EXERCISE INSTRUCTIONS: Beneath this line are entries. Copy the range from the line with "- Novità per" to the line with "В ноябре 1962", ends included, exactly; leave pictures out.

STUDY MATERIAL:
----------
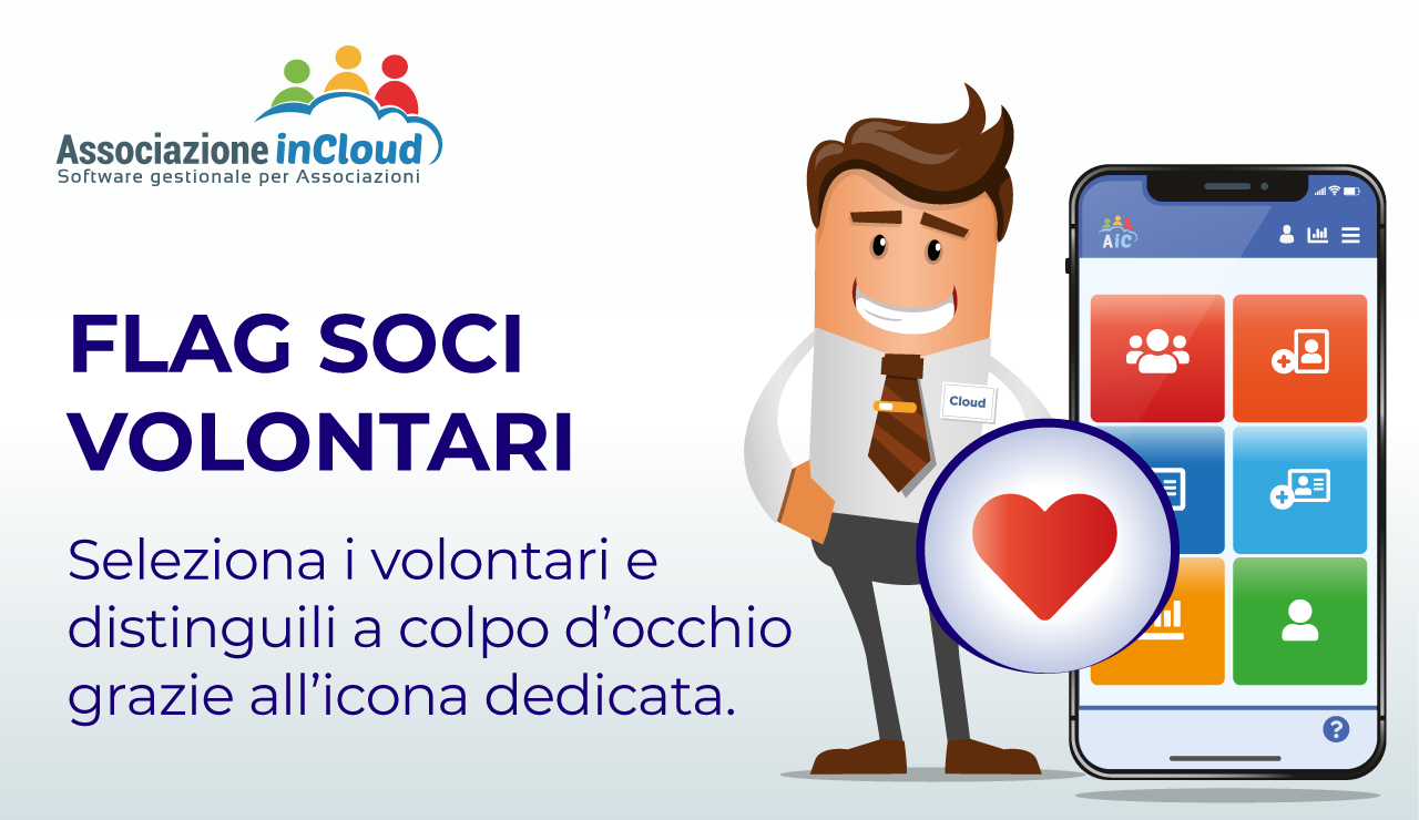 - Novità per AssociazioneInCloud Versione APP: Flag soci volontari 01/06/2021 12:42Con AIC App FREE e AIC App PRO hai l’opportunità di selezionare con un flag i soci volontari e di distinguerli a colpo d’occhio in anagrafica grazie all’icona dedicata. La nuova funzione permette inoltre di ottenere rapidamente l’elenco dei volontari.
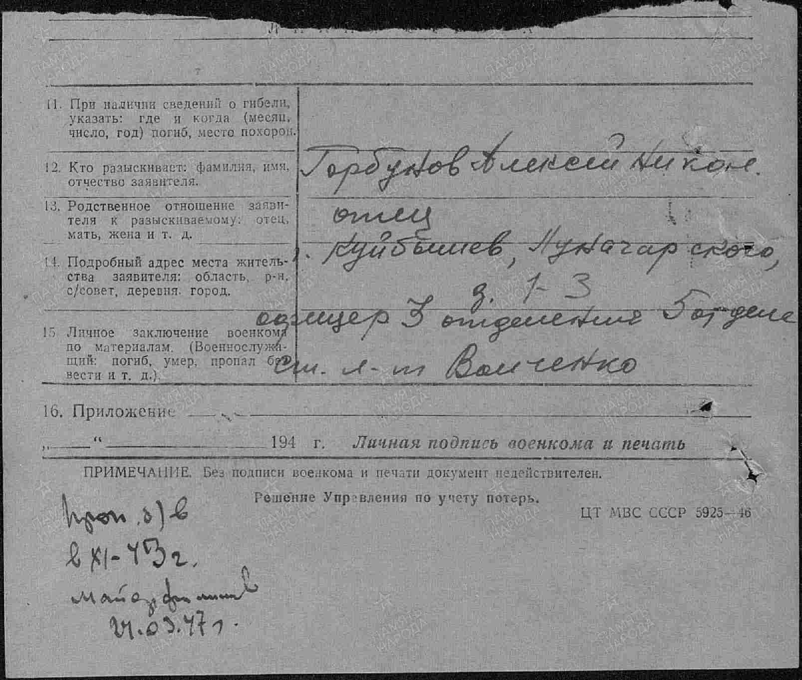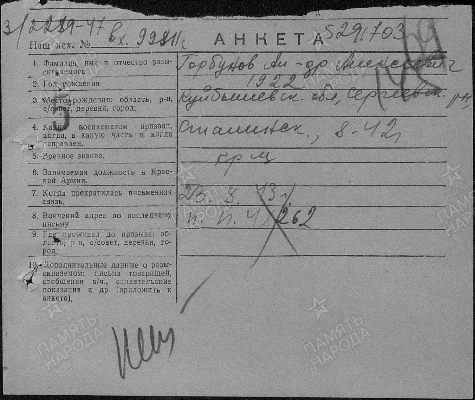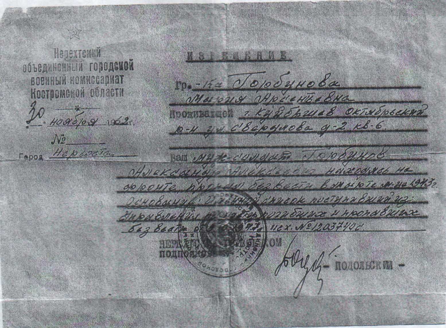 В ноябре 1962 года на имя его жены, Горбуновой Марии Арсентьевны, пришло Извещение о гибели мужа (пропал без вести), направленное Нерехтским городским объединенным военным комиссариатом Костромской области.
----------
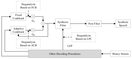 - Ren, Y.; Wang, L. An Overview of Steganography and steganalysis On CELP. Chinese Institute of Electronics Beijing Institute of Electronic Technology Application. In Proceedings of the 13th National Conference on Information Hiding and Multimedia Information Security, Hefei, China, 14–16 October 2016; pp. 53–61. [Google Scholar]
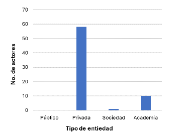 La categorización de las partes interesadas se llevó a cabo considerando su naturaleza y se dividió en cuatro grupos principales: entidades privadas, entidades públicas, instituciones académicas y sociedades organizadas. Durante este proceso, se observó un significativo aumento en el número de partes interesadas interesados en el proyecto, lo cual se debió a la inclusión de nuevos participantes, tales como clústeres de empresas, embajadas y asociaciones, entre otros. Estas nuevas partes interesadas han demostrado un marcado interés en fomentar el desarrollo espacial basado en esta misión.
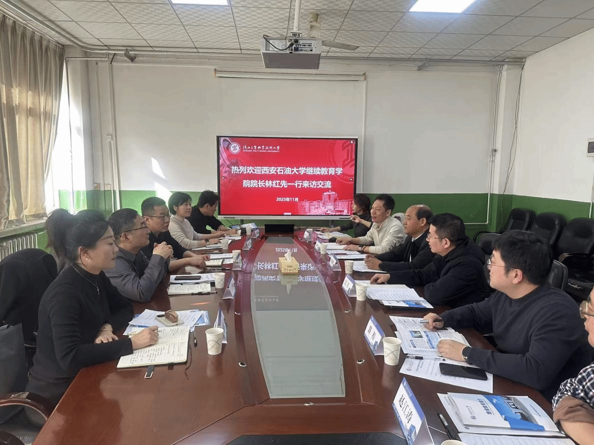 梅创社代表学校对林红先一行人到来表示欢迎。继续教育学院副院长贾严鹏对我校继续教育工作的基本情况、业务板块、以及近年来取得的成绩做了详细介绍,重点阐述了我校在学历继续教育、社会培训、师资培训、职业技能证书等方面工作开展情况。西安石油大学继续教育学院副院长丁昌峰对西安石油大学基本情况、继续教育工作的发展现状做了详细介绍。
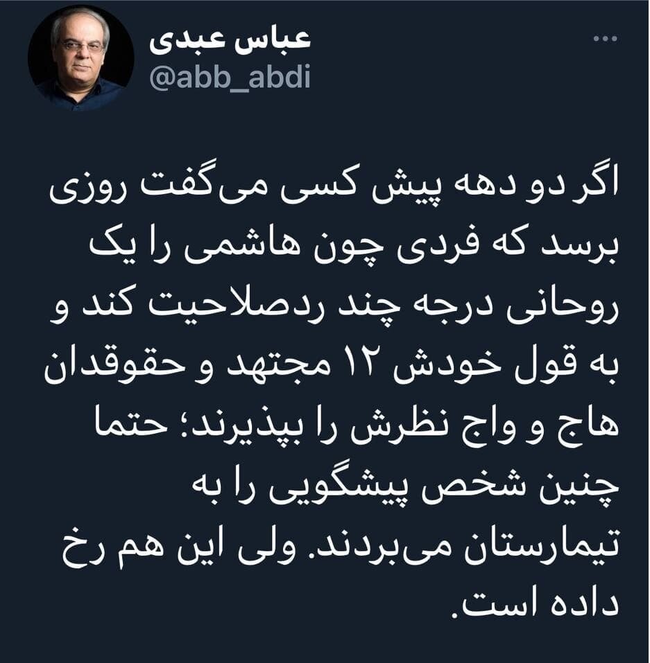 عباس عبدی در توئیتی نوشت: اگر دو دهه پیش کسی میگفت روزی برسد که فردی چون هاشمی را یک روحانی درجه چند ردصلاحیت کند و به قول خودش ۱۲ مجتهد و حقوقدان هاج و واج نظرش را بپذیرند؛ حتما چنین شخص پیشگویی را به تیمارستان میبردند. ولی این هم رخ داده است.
----------
ANSWER TO THE PROBLEM:
 - Novità per AssociazioneInCloud Versione APP: Flag soci volontari 01/06/2021 12:42Con AIC App FREE e AIC App PRO hai l’opportunità di selezionare con un flag i soci volontari e di distinguerli a colpo d’occhio in anagrafica grazie all’icona dedicata. La nuova funzione permette inoltre di ottenere rapidamente l’elenco dei volontari.
 В ноябре 1962 года на имя его жены, Горбуновой Марии Арсентьевны, пришло Извещение о гибели мужа (пропал без вести), направленное Нерехтским городским объединенным военным комиссариатом Костромской области.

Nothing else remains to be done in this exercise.